THE TASK: The lines in the listing below are to be given again exactly, starting at the line holding "Prendono vita collezioni" and ending at the line holding "先设置画笔适当大小,我的是13像素,其他设置如图(相当于实线是设置)". Do not include pictures.

DATA SUPPLIED:
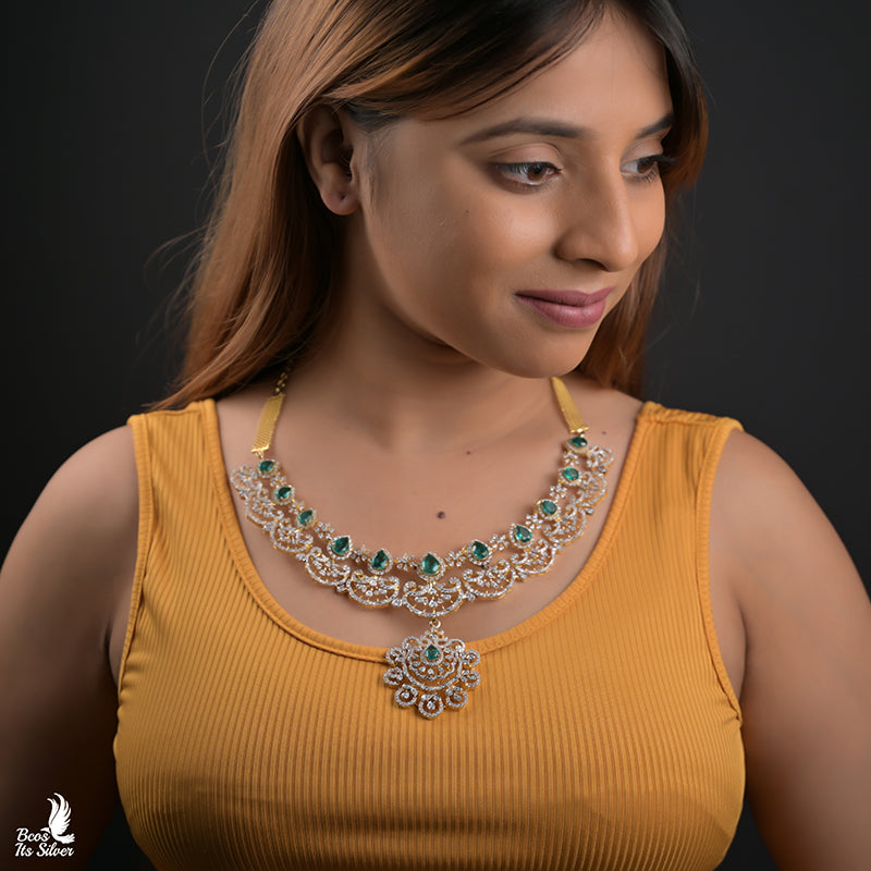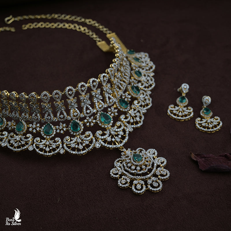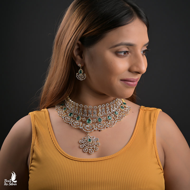 Pure Silver 925 Diamond look alike High Neck choker with earring - 30 WORKING DAYS TO MAKE ON ORDER
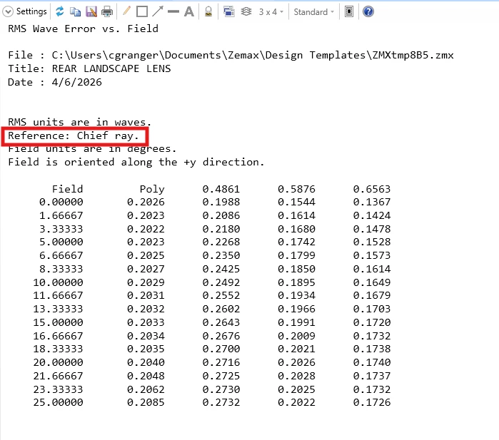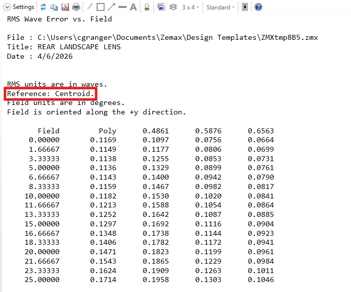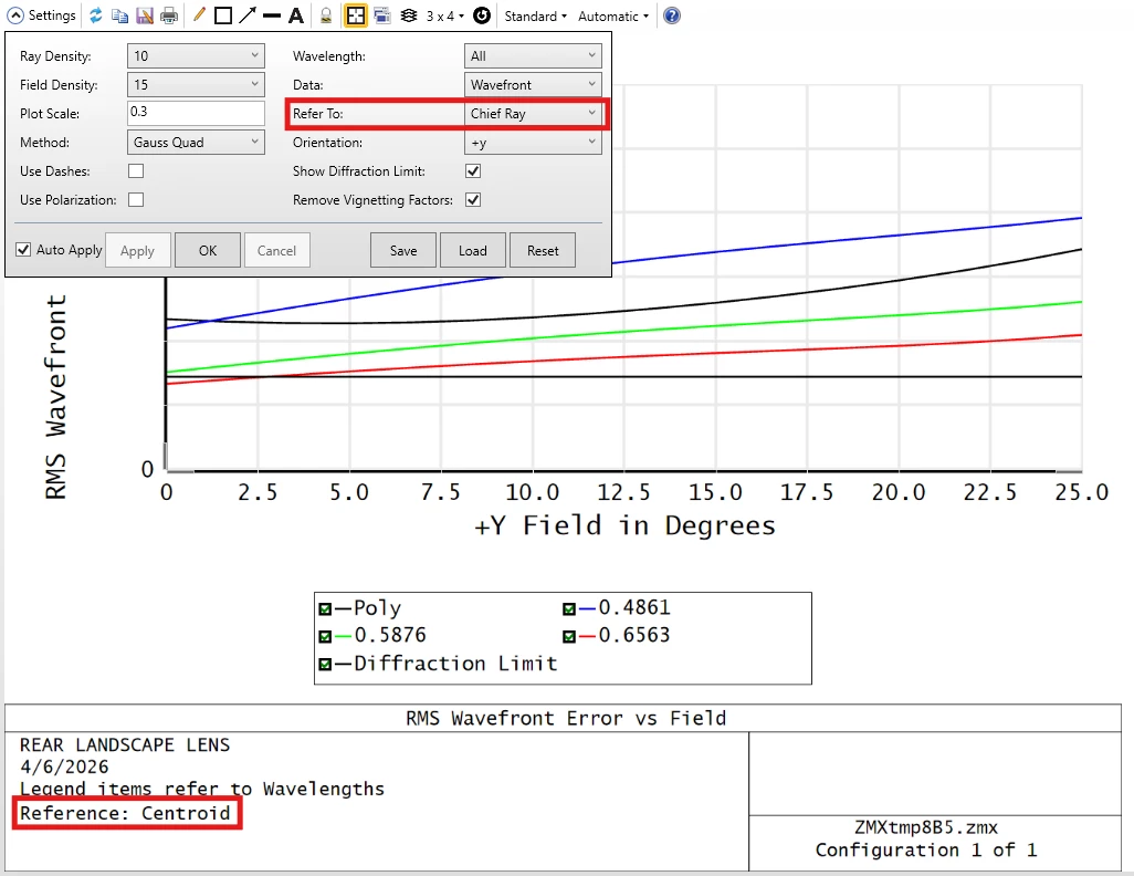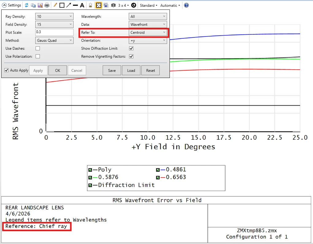 Next, on a whim, I evaluated the RWCH (chief ray reference) operand and noticed it did match the plot value, which I found odd, because the default for the plot is to reference the centroid. Looking closer at the plot, I noticed that although Centroid is selected as the reference in the settings, the title block reports “Reference: Chief Ray”. Likewise, when Chief Ray is selected in the settings, the plot shows “Reference: Centroid”.
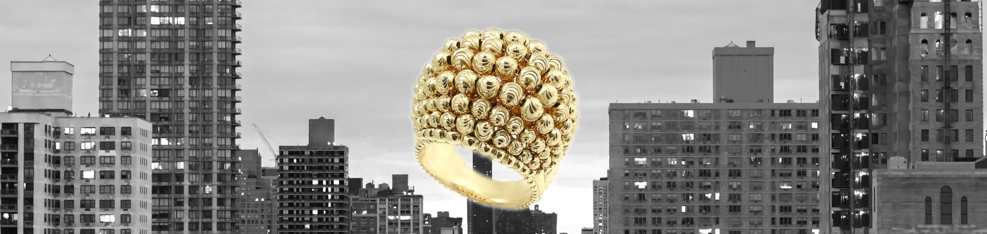 Prendono vita collezioni di grande impatto: gioielli esclusivi, montati a mano ed impreziositi da tante pietre, di forme e colori sempre diversi; superfici dove il lucido gioca col satinato e l’oro crea effetti di luce che danno maggiore risalto ai gioielli, con affascinanti contrasti fra oro e pietre.
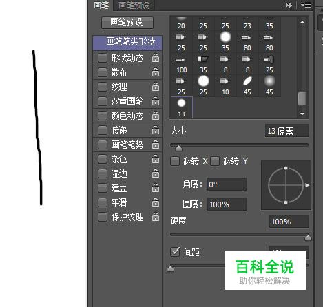 先设置画笔适当大小,我的是13像素,其他设置如图(相当于实线是设置)
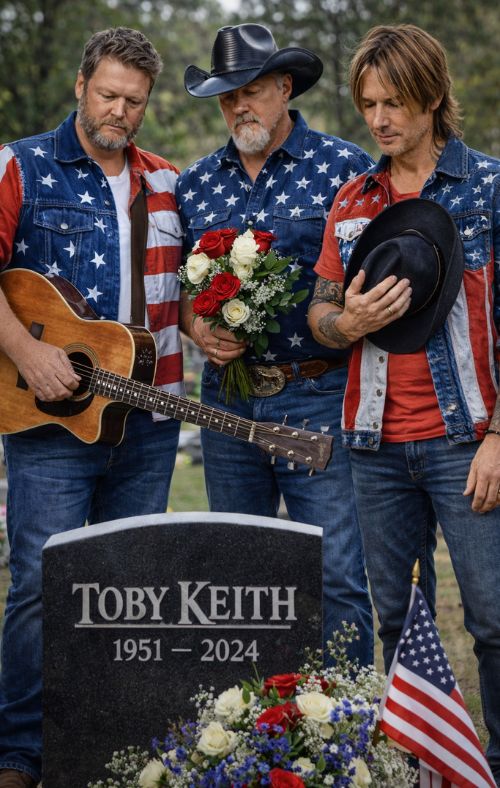 It was an evening unlike any other, not one marked by the flashing lights of a stage, nor the loud applause of a cheering crowd. No red carpets. No press conferences. No cameras capturing every tear or every note. Instead, it was just three men — Blake Shelton, Keith Urban, and Trace Adkins — standing on the soil of Norman, Oklahoma, their hometown, paying tribute to one of the greatest country artists of all time, Toby Keith. But this was no ordinary performance. This was a moment of raw emotion, a private farewell, a song sung not for the world, but for the man who had once stood beside them on that same stage.
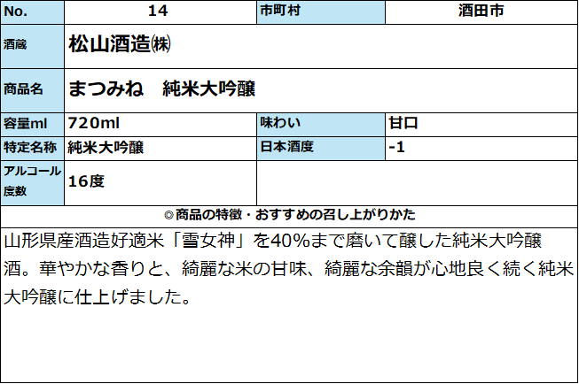 【松山酒造】まつみね 純米大吟醸 720ml 日頃、山形県産酒をご愛飲いただいている皆様へ感謝の気持ちを込めて、抽選で40名様にプレゼントいたします。(各賞20名ずつ)●A賞 「山形讃香」720ml 1本●B賞 「山形県産ワイン」フルボトル2本対象商品を1本ご購入で「キャンペーン応募はがき」を1枚進呈。必要事項をご記入しご応募ください。※はがきのQRコードからも応募できます。◆応募受付締切:2026年1月31日(土)迄当選発表は厳正な抽選の上、当選者を決定し商品の発送をもって発表にかえさせていただきます。 販売価格 2,750円(税込み) 会員価格 (税込み) 通常価格 (税込み) 在庫 商品コード 022551 JANコード 数量 - + カートに入れる カテゴリー 清酒 メーカー 松山酒造株式会社 キャンペーン 【特設】ご愛飲感謝キャンペーン| おすすめ商品 注文年齢制限 20歳 ~ 注文手続き画面にて、生年月日を入力いただきます。 販売期間 ~2025/11/28 山形酒通のおすすめ 【特設】ご愛飲感謝キャンペーン お歳暮-感謝の気持ちを- 山形酒通厳選 セット商品 おすすめ商品 数量限定商品 秋上がり・ひやおろし 県産新酒ワイン 居酒屋気分ワンカップ リキュール・梅酒特集 産直 厳選グルメ特集 パインサイダー 県内飲料 雑貨 お中元-感謝の気持ちを- 夏酒 2025 ご注文方法 送料・配送について お支払い方法 返金について 特定商取引に基づく表記 お問い合わせ 運営会社のご紹介
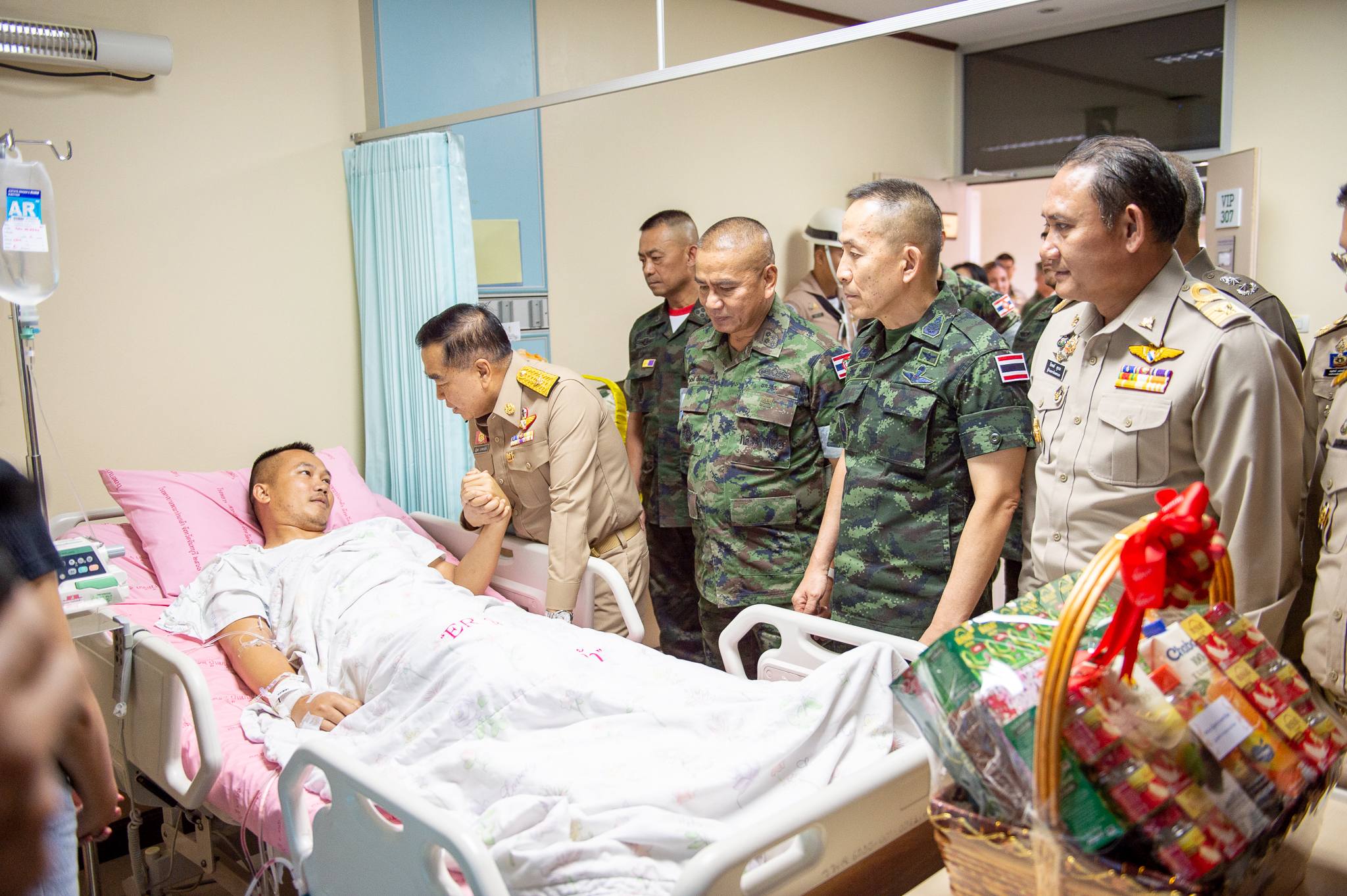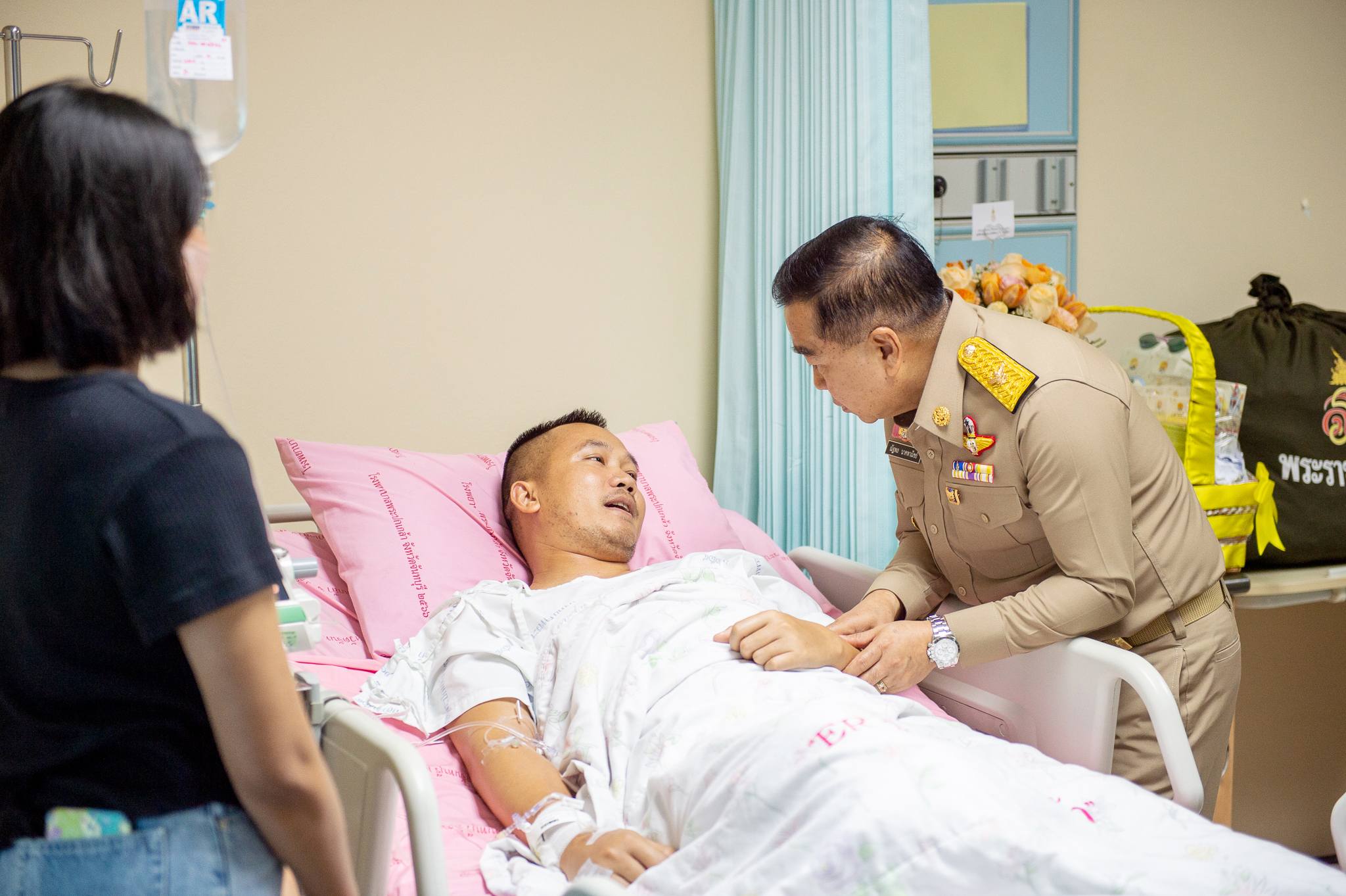 พลเอก ณัฐพล นาคพาณิชย์ รัฐมนตรีว่าการกระทรวงกลาโหมเดินทางไปเยี่ยมให้กำลังใจ จ่าเอก เทอดพงษ์ ผมนะรา ที่ได้รับบาดเจ็บจากการเหยียบทุ่นระเบิดบริเวณชายแดน จังหวัดตราด เมื่อวันที่ ๒๒ ธันวาคม ๒๕๖๘  ณ โรงพยาบาลพระปกเกล้าจันทบุรี จังหวัดจันทบุรี

RESPONSE:
 Prendono vita collezioni di grande impatto: gioielli esclusivi, montati a mano ed impreziositi da tante pietre, di forme e colori sempre diversi; superfici dove il lucido gioca col satinato e l’oro crea effetti di luce che danno maggiore risalto ai gioielli, con affascinanti contrasti fra oro e pietre.
 先设置画笔适当大小,我的是13像素,其他设置如图(相当于实线是设置)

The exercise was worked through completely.